I internally winced but kept my face blank as I answered, “He’ll eat in tonight. Seems he’s… in the zone.”

To her credit, she didn’t push me on it and instead gave me a little pat on the shoulder before walking out the door and moving on to her next patient.

Dad came out moments after the door closed. “That woman is always very interested in me. It’s flattering, but she’s oblivious to my hints that I don’t have the time to indulge such things right now.”

I didn’t have a thing to say to that, but it seemed he didn’t need one, as he then shuffled by me to the couch and clicked on the TV to some random channel.

He made a frustrated noise as he sat down. “I hate the commercials on this TV. They don’t make ’em like they used to. No pizzazz, no story. Never pushing boundaries.”

“I know,” I replied, a surge of fondness for him and his peculiar opinions filling me.

For several minutes, I just stood there, catching my breath as I watched him, enjoying his mild fussing.

“Want me to put on a movie instead?” I asked when the next round of commercials started, and he repeated his earlier sentiments.

Then he ignored me, caught up in a commercial for toilet paper, so I left him to it and went into his bedroom to clean up. I kept my eyes unfocused as I gathered the risqué paintings into a pile in his bedroom and put them in the bottom drawer of his dresser, where they joined countless others.

A caregiver knocked quietly on the door before opening it and wheeling in Dad’s customized, nutritionist-approved meal. I quickly ran two washcloths under the tap in his bathroom, adding soap to one.

When I joined him at the table, I waved the cloth in front of him, and he automatically stuck out his hand.

The perpetual knot in my chest eased just a fraction. Today, right now, he remembered this.

Dad was a gifted artist. I was not. But while I was growing up, he still insisted I create something every day to “get my demons out.” In elementary school, it was modeling clay or coloring when I’d get into fights with kids, usually after they told me I was too mean to dance or made fun of Dad because of rumors the shitheads heard from their parents.

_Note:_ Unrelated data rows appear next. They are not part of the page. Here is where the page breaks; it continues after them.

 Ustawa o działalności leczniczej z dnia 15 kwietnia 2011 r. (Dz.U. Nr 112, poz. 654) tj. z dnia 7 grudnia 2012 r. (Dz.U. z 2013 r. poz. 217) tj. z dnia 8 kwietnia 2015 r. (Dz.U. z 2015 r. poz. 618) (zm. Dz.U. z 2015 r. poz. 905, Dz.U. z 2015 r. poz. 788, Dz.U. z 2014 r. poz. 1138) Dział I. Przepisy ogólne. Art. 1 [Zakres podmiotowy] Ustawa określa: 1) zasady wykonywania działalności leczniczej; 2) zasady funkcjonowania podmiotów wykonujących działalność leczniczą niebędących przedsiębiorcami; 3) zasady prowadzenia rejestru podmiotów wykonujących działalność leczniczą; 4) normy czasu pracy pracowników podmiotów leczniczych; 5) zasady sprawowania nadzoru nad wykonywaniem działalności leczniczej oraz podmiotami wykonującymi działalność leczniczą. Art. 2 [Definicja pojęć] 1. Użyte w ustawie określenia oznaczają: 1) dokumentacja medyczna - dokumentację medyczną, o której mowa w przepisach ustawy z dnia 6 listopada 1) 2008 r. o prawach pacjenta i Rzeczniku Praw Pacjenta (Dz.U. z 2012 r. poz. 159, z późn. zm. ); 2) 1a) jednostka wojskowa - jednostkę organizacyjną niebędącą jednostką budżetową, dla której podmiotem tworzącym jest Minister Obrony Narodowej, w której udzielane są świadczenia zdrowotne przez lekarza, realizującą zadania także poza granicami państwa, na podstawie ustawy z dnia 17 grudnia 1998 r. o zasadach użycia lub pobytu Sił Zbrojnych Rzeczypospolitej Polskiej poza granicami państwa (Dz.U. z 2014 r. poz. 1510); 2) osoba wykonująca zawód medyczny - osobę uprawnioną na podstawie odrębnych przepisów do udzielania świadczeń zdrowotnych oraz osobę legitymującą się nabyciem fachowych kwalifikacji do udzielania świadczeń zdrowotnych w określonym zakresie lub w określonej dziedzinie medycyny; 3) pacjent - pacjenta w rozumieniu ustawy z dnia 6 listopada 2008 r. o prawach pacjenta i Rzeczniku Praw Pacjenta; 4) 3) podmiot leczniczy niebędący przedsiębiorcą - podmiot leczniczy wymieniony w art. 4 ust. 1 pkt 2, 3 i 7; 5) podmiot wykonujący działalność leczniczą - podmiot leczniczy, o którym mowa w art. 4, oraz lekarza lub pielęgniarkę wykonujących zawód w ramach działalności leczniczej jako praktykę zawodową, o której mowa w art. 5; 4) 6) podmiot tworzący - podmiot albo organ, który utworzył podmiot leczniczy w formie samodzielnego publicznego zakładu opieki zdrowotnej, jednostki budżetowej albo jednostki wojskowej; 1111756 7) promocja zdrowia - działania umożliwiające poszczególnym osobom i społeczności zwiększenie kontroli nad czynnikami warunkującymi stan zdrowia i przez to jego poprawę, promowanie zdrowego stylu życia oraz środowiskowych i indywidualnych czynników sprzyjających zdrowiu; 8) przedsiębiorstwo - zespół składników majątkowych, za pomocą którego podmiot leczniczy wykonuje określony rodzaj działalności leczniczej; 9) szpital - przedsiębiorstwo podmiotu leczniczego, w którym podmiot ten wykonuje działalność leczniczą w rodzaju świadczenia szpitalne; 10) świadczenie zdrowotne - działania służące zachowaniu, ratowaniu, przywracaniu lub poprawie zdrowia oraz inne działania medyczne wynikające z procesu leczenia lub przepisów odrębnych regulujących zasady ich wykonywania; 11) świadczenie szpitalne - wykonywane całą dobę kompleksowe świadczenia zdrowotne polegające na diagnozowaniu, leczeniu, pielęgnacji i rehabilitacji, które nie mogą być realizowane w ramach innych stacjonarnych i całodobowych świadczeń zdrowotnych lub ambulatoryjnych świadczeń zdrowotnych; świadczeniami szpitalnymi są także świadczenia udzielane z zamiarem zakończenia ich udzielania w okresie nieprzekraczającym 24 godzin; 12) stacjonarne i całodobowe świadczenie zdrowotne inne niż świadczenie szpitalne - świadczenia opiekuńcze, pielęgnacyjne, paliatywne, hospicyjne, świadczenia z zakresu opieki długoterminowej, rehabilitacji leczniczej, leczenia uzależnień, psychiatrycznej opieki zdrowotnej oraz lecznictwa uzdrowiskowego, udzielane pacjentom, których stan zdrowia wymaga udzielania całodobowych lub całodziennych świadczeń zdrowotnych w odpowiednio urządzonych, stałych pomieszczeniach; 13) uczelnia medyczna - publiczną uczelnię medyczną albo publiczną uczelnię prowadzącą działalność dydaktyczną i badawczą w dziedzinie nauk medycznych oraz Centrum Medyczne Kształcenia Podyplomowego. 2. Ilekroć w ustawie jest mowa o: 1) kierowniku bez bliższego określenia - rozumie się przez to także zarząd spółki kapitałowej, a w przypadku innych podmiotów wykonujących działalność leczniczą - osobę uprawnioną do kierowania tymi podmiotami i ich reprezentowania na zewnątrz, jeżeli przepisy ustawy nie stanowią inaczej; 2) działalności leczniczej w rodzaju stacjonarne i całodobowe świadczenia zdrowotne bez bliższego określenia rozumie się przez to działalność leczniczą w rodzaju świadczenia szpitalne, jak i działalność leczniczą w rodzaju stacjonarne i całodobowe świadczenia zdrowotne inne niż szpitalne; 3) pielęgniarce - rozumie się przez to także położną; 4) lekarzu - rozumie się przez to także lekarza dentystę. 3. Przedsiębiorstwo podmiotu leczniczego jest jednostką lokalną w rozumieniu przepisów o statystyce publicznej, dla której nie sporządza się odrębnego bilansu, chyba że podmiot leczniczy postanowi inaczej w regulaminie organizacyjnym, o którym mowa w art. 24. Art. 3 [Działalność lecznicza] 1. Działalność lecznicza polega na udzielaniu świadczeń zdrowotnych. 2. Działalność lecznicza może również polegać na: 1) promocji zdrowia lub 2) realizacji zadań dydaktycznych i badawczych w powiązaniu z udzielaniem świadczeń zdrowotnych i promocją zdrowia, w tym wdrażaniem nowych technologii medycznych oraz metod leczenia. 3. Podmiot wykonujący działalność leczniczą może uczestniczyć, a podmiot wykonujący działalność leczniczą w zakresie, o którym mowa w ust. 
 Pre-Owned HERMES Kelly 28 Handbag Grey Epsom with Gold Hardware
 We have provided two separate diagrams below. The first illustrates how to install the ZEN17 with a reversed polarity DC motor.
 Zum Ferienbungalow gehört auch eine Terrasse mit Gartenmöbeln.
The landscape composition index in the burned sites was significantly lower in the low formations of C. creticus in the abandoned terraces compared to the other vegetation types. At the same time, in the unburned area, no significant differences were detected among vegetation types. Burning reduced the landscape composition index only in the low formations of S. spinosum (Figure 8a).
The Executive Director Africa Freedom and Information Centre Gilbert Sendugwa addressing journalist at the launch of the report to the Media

During my teen years, it became more frequent, with him sitting me down at the kitchen table at least twice per day, forcing me to draw my feelings.

He thought every human condition could be solved by art.

If only that were true.

Most nights, even the ones without drama or trauma, we’d sit at the kitchen table together after dinner and draw, color, or paint.

Afterward, we’d clean off each other’s hands with a cloth.

The entire thing was almost ceremonial, and it was always cathartic, even when my demons were only as big as blisters on my toes from my pointe shoes.

There wasn’t a canvas grand enough or a cloth big enough for the demons of the past year.